- _Requirement_:
Exact copy, no pictures: repeat the data that follows.

- _Collected material_:
------------
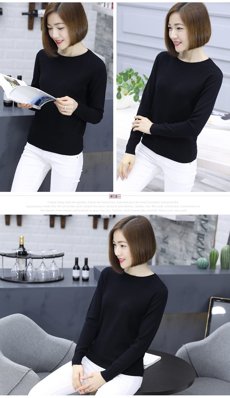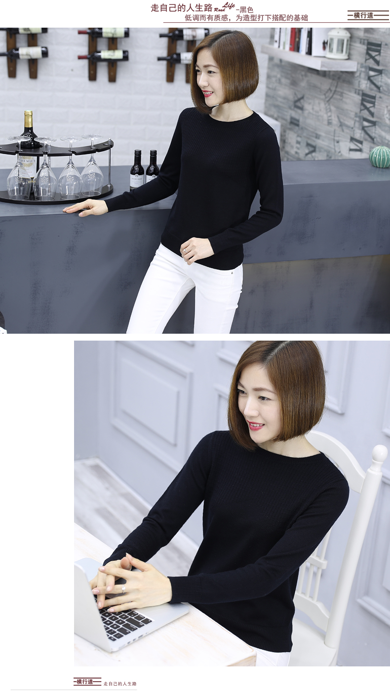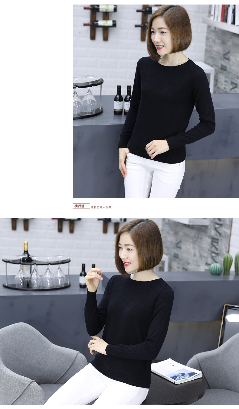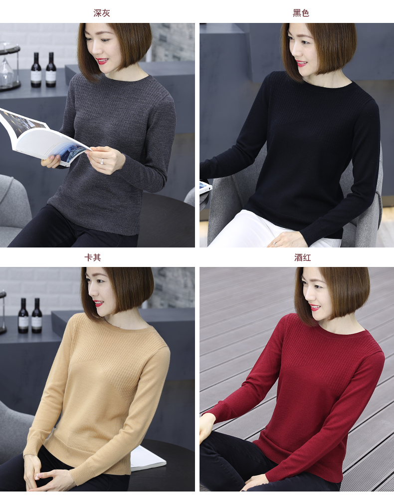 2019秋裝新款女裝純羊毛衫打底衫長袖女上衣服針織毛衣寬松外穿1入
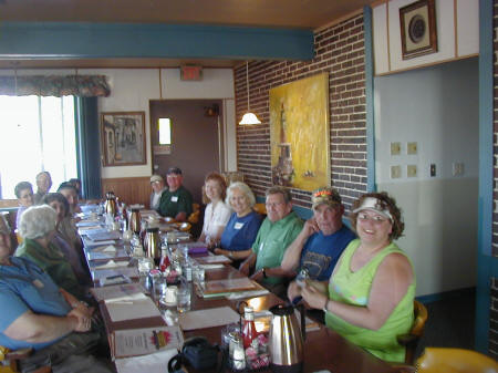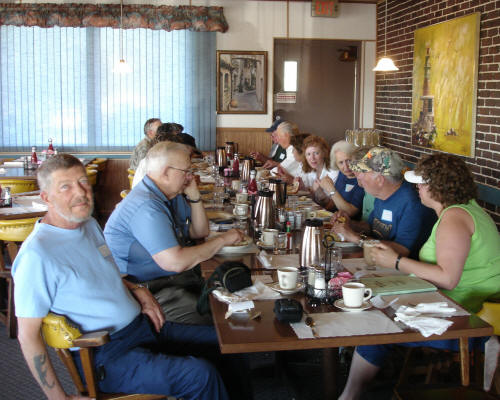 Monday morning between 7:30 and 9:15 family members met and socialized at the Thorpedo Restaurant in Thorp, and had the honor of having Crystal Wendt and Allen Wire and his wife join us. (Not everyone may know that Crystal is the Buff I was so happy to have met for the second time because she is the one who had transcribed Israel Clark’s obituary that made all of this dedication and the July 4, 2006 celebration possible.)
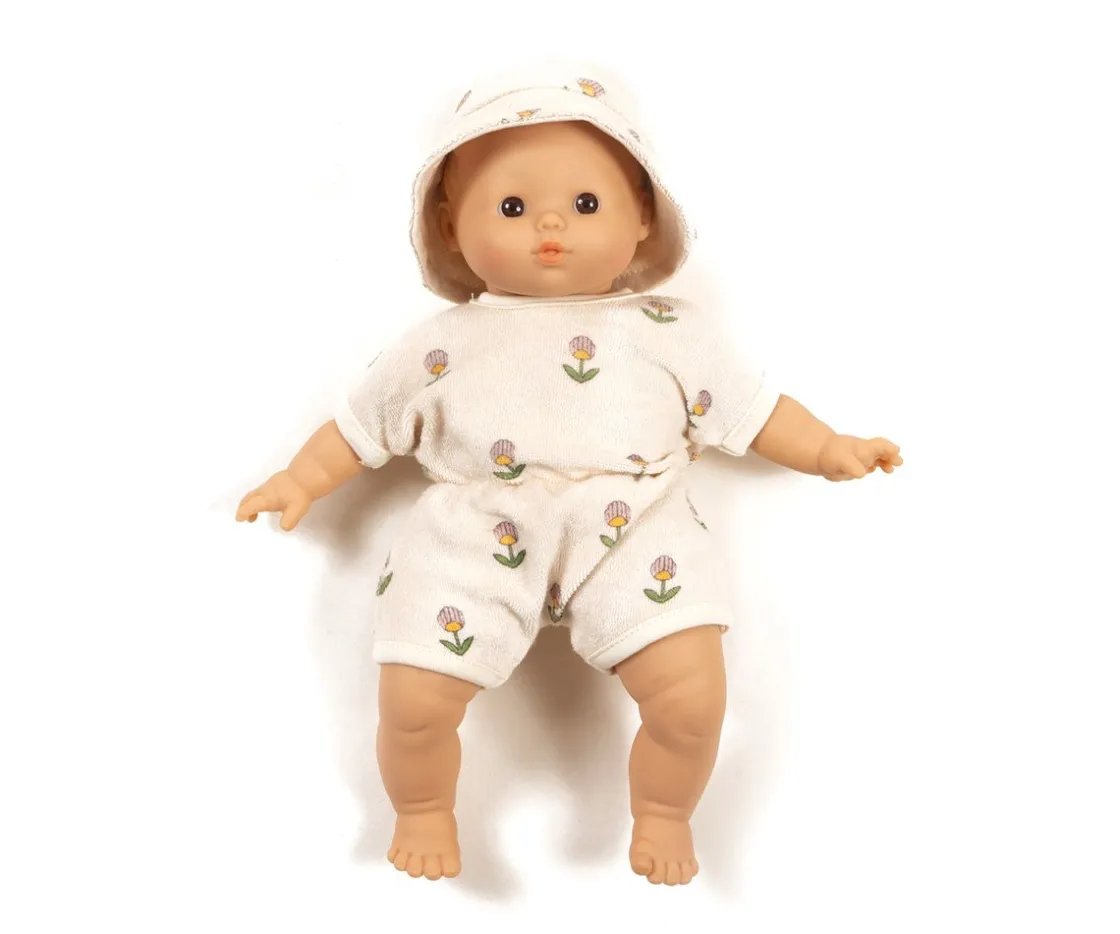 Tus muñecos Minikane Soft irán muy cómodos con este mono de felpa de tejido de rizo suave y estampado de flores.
------------
- _Exercise response_:
 2019秋裝新款女裝純羊毛衫打底衫長袖女上衣服針織毛衣寬松外穿1入
 Monday morning between 7:30 and 9:15 family members met and socialized at the Thorpedo Restaurant in Thorp, and had the honor of having Crystal Wendt and Allen Wire and his wife join us. (Not everyone may know that Crystal is the Buff I was so happy to have met for the second time because she is the one who had transcribed Israel Clark’s obituary that made all of this dedication and the July 4, 2006 celebration possible.)
 Tus muñecos Minikane Soft irán muy cómodos con este mono de felpa de tejido de rizo suave y estampado de flores.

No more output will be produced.